(Instructions to follow):
Transcribe the records below word for word, beginning with the first line and stopping after the line that contains "En la bahía"; pictures are not part of the copy.

========================

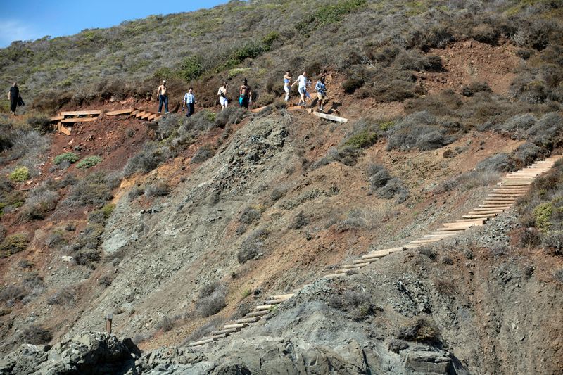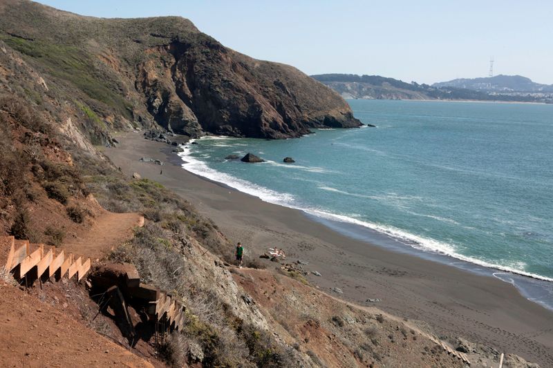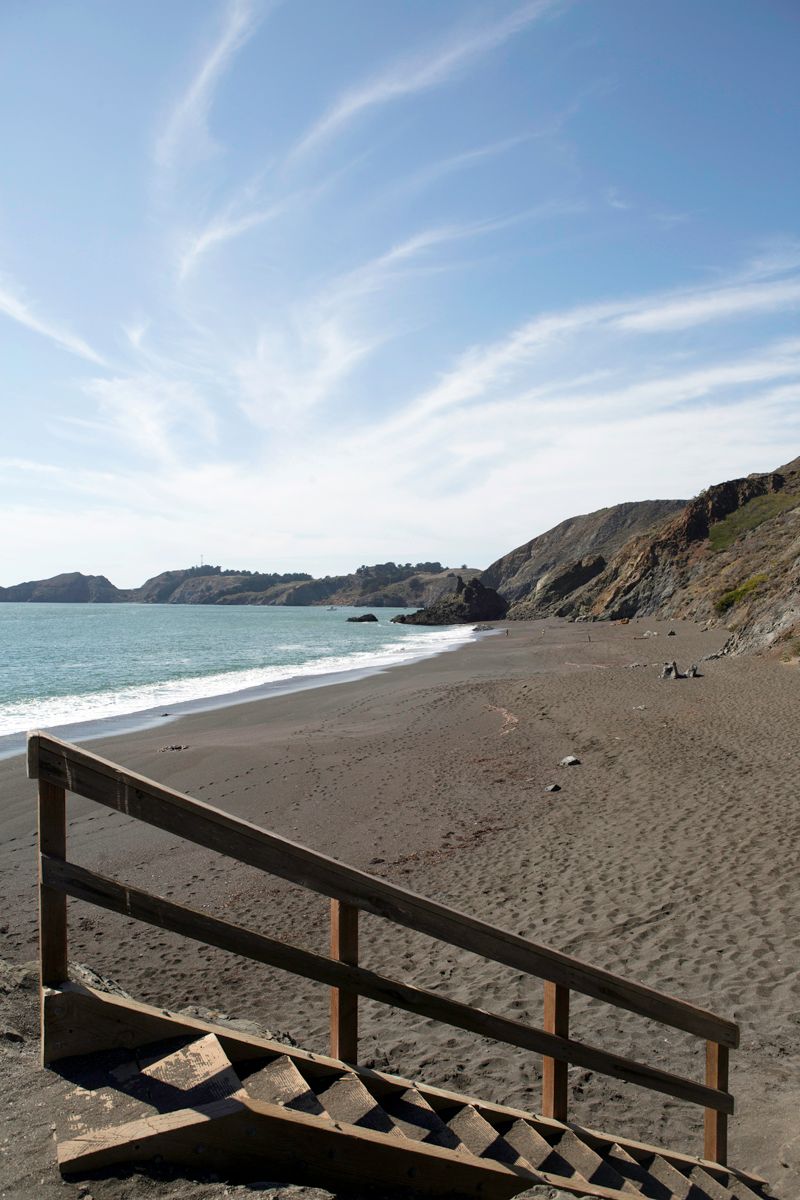 To get there, head to Hawk Hill in the headlands and then keep going past the long steep one-way hill. As it flattens out, turn left at the "Upper Fisherman" turnout with a bathroom. A very long staircase drops you down the beach. Parking is limited.
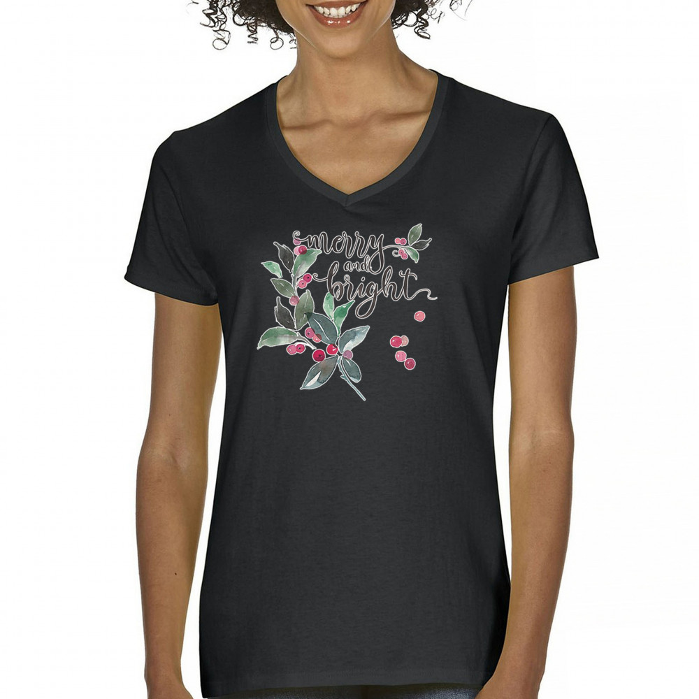 MERRY AND BRIGHT CUTE CHRISTMAS women's v-neck t-shirt jolly santa xmas tee black
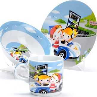 Предметы набора выполнены из высококачественной керамики и декорированы красочным рисунком. Изделия легкие и функциональные. Такой набор обязательно понравится вашему ребенку, потому что теперь у него будет своя собственная посуда с ярким и оригинальным рисунком. Набор посуды для детей включает в себя три предмета: суповую тарелку, обеденную тарелку и кружку. Набор упакован в красочную, подарочную упаковку. Подходит для мытья в посудомоечной машине. Для детей от 3-х лет. None Есть доставка.
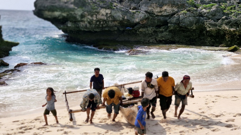 En la bahía de Pero vimos salir apresurados a los pescadores, todos al mismo tiempo, pues algún banco de peces se aproximó a la costa justo cuando llegamos. Al igual que en Ratenggaro, una lengua de arena construye un pequeño dique natural y permite al poblado tener un puerto para sus barcas.
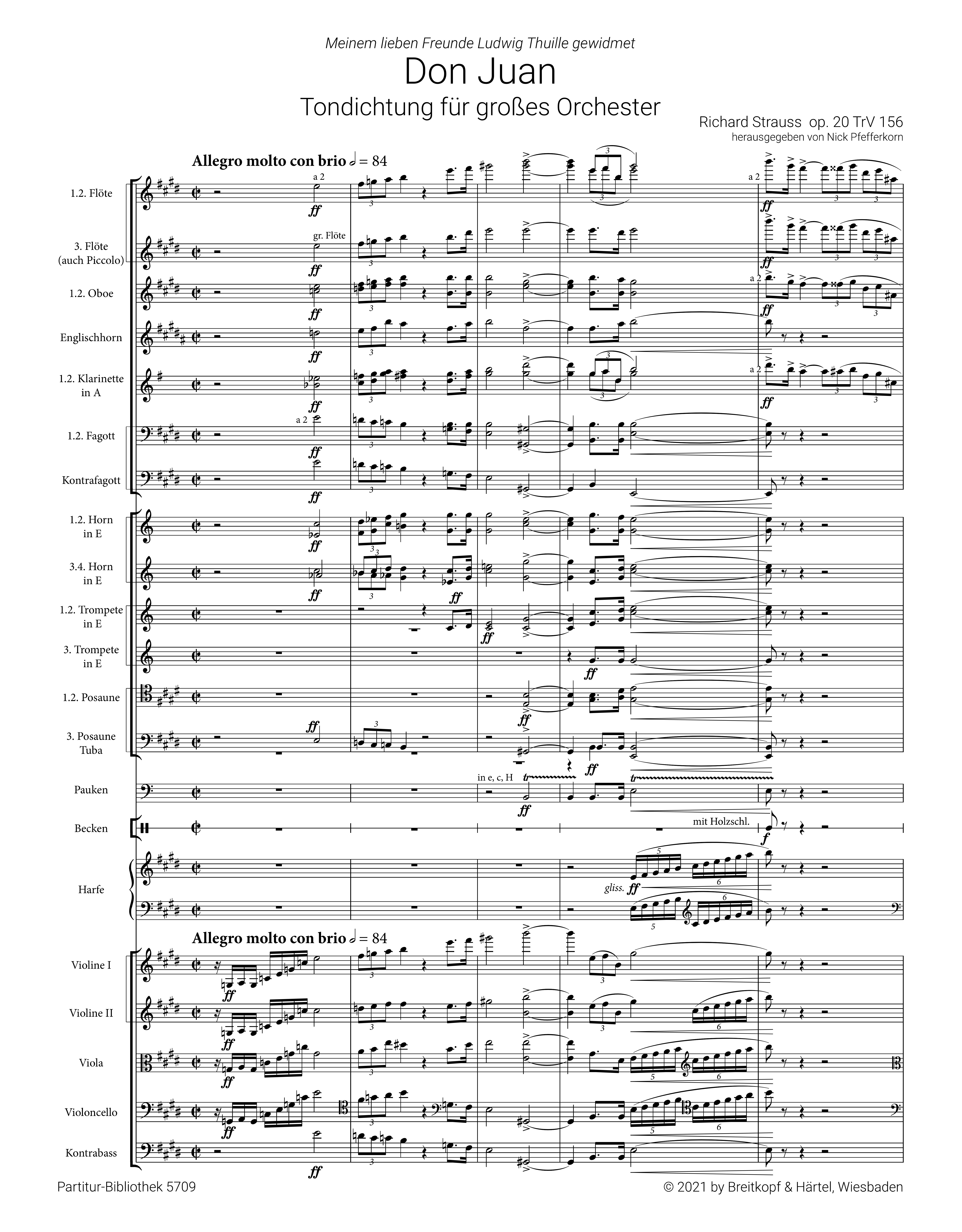 Pfefferkorn, Nick, ed Strauss' dritte Tondichtung entstand im Frühjahr 1888. Die Figur des Don Juan, des Frauenhelden, der keiner Versuchung widerstehen kann, doch gleichzeitig seines Lebens überdrüssig ist und in letzter Konsequenz den Tod findet, muss Strauss enorm fasziniert haben. Das Werk zeigt bereits eindrucksvoll Strauss neu gewonnene Sicherheit im Umgang mit dem Orchesterapparat und malt Don Juans Drama in den glühenden Farben des großen Symphonieorchesters. Schon im Herbst war das Werk fertig, und obwohl es bis zur Uraufführung am 11. November 1889 in Weimar noch über ein Jahr dauerte, änderte Strauss nichts mehr an seiner Partitur. Breitkopf & Härtels neue Urtextausgabe wertet neben dem Autograph und dem Erstdruck auch erstmals unter Leitung des Komponisten verwendete Stimmensätze (u.a. aus dem Archiv der New Yorker Philharmoniker) aus und kommt teils zu überraschend neuen Lesarten. Wie immer runden ein ausführliches Vorwort, Faksimile-Seiten und ein detaillierter kritischer Bericht diese maßgebliche Urtextausgabe ab.
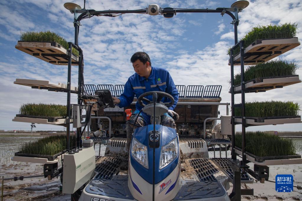 在北大荒集團紅衛(wèi)農(nóng)場有限公司智慧農(nóng)業(yè)先行示范區(qū)內(nèi),工作人員設(shè)置無人駕駛插秧機工作路徑(2021年5月11日攝)。新華社記者 張濤 攝
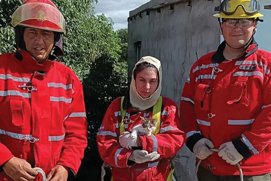 Con gran valentía y dedicación, los Bomberos Voluntarios de la Ciudad de La Rioja llevaron a cabo un emotivo rescate de un pequeño felino que había caído en un lugar inaccesible, sin posibilidades de salir por sus propios medios.
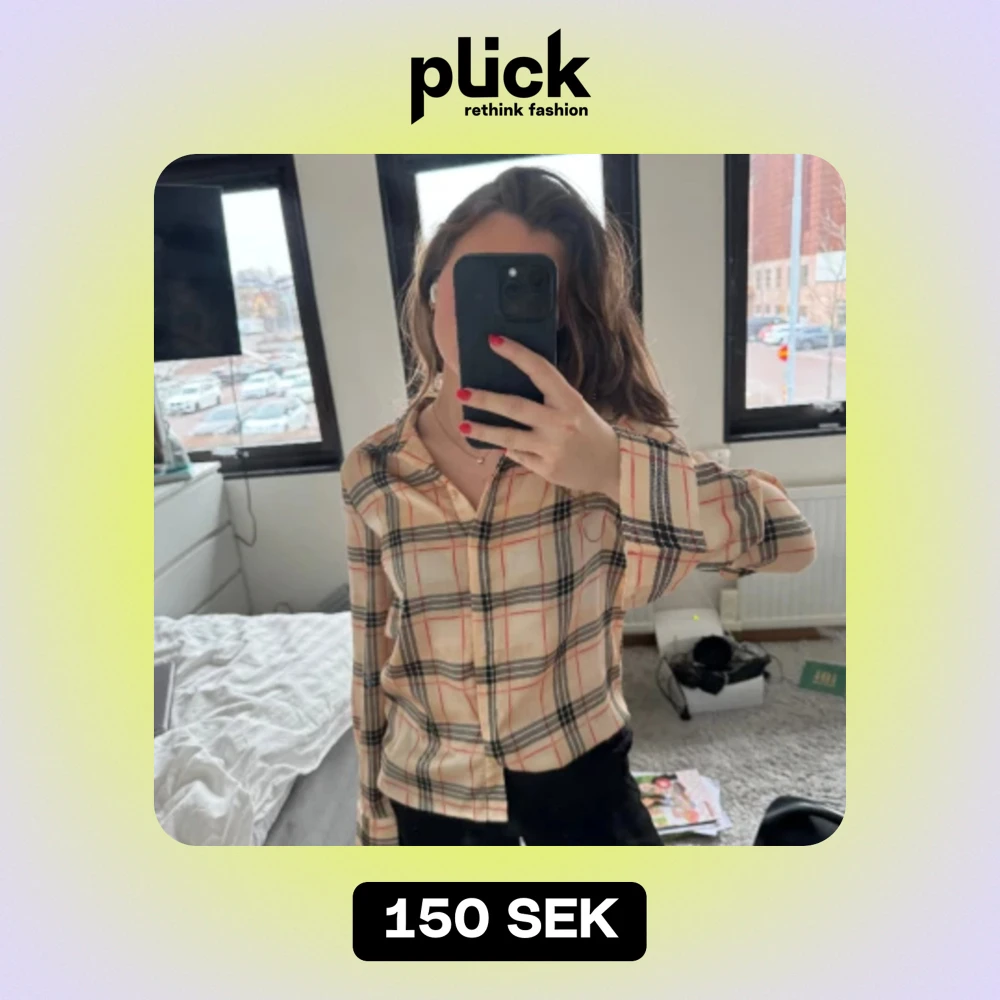 Rutig blus från pieces i storlek S, produkten har använts men är i bra skick!
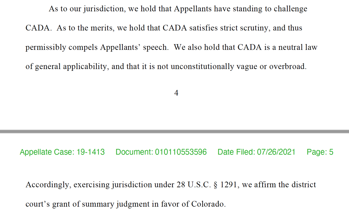 The Act "satisfies strict scrutiny, and thus permissibly compels Appellants' speech." It "is a neutral law of general applicability, and ... is not unconstitutionally vague or overbroad."pic.twitter.com/2nnLMdlYhZ
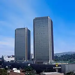 The Plaza Aguacaliente & Grand Hotel Tijuana (commonly known by locals as Las Torres) is a mixed-use high-rise building complex of twin skyscrapers in Tijuana, Mexico. With a height of 89.9 meters (295 feet) to the top floor, and 28 stories, they were the tallest buildings in Tijuana and Baja California upon completion in 1982 and were among the first skyscrapers constructed in the city.
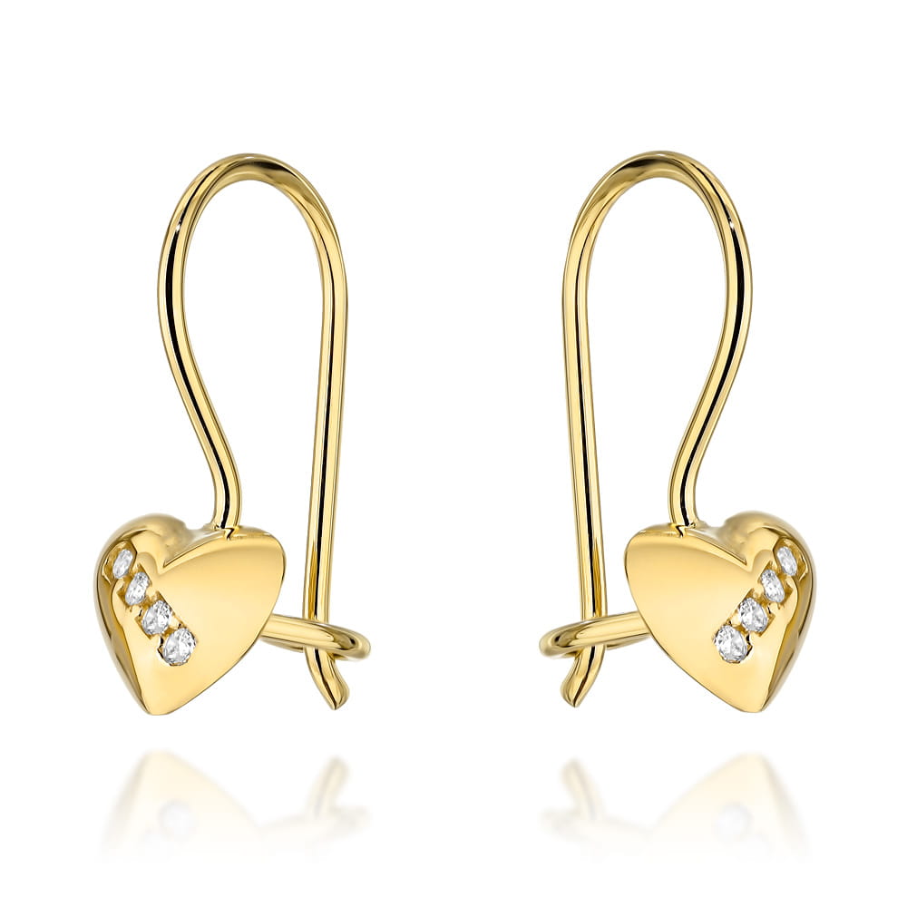 Kolczyki złote serduszka z cyrkoniami na biglu to doskonały prezent dla ukochanej osoby.

========================

(Answer to this problem):
 To get there, head to Hawk Hill in the headlands and then keep going past the long steep one-way hill. As it flattens out, turn left at the "Upper Fisherman" turnout with a bathroom. A very long staircase drops you down the beach. Parking is limited.
 MERRY AND BRIGHT CUTE CHRISTMAS women's v-neck t-shirt jolly santa xmas tee black
 Предметы набора выполнены из высококачественной керамики и декорированы красочным рисунком. Изделия легкие и функциональные. Такой набор обязательно понравится вашему ребенку, потому что теперь у него будет своя собственная посуда с ярким и оригинальным рисунком. Набор посуды для детей включает в себя три предмета: суповую тарелку, обеденную тарелку и кружку. Набор упакован в красочную, подарочную упаковку. Подходит для мытья в посудомоечной машине. Для детей от 3-х лет. None Есть доставка.
 En la bahía de Pero vimos salir apresurados a los pescadores, todos al mismo tiempo, pues algún banco de peces se aproximó a la costa justo cuando llegamos. Al igual que en Ratenggaro, una lengua de arena construye un pequeño dique natural y permite al poblado tener un puerto para sus barcas.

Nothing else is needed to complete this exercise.